The Marine Ecosystem Assessment for the Southern Ocean (MEASO) is a project led by researchers at the Antarctic Climate & Ecosystems Cooperative Research Centre (ACE CRC) as a part of an international project of Integrating Climate and Ecosystem Dynamics (ICED).

Aims 
MEASO aims to assess  long-term status and trends in Southern Ocean biota and foodwebs. It does not give specific scientific requirements for year to year management, but  long-term assessments, and continues   previous works such as the Biogeographic Atlas of the Southern Ocean  and the Antarctic Climate Change and the Environment  report.

MEASO 2018 
 MEASO 2018 was an international conference held in Hobart in early April 2018, which included a day-long policy forum. Background to the conference, including the program and abstracts, can be found on the www.MEASO2018.aq conference web site.  The conference was supported by Integrated Marine Biosphere Research (IMBeR) ICED and CLIOTOP, Southern Ocean Observing System (SOOS), Scientific Committee on Antarctic Research, and the Australian Antarctic Program to share  science, enhance community input into design and planning of the MEASO, and to develop a work plan.

175 people attended from 23 countries, including  scientists, policy-makers, fishing industry, and environmental NGOs. The conference was focused on four themes: (i) assessments of parts of the ecosystem; (ii) responses of biota to changing environments; (iii) methods for modelling habitats, species and food webs;  (iv)  design of observing systems to measure change in the ecosystem. The day-long policy forum discussed how to better link scientists, policy makers, industry and environmental NGOs and the public at large.

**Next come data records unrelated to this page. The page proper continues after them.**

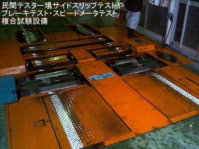 [top↑][next↓] 前輪ブレーキテストが終了すると、凹み間隔が狭くなり、タイヤを元の高さ位置へ戻されます。 車を凹みから出して、今度は後輪を同じ凹みに落とします。行き過ぎないように注意して下さい。 前輪ブレーキと同じ手順で、検査されます。 「ブレーキをふむ」が点灯したら、「ガツン」とふむ。 合否判定は前輪ブレーキと同様です。スピードメータテストは順序が前後する事があります。電光掲示板を良く見てその指示に従って下さい。 写真は民間テスター場のブレーキテスト検査機械です。 (車検場によって検査機械の並びや型式は異なるのであくまで参考に) |
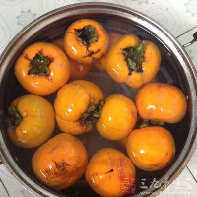 柿餅3枚(去蒂),清水和冰糖適量,蒸至柿餅綿軟後食用。
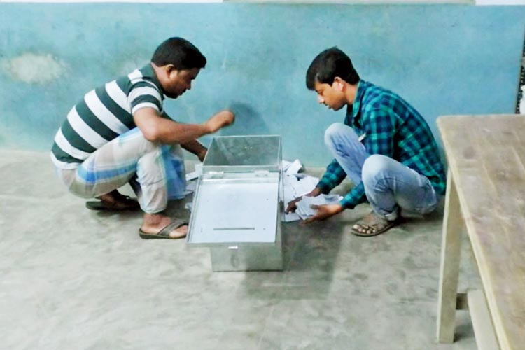 সোমবার ভোটের দিনেই বাক্স ভেঙে গোনা হচ্ছিল ব্যালট। মুর্শিদাবাদের রেজিনগরে।

Out of the 175 participants 32% were early career researchers and the gender balance was 43% female to 57% male.

MEASO 2019 
A MEASO workshop was held at the World Wide Fund for Nature British headquarters in Woking, UK from the 3–7 June 2019. It focused on planning the delivery of the first MEASO for 2020. This workshop was attended by 30 international scientists including scientists from 12 countries and 7 early career scientists.

Publication of the MEASO 
In the initial stages of publication for MEASO an 'audit' of the surveys, data and models available to assess the status and trends of Antarctic Southern Ocean species, foodwebs and ecosystems was published in Brasier et al. 2019.

An encyclopaedic resource produced by the MEASO team is the Southern Ocean Knowledge and Information (SOKI) wiki. its pages include  brief fact sheets with numerical and statistical information on different Antarctic Southern Ocean species and taxonomic groups.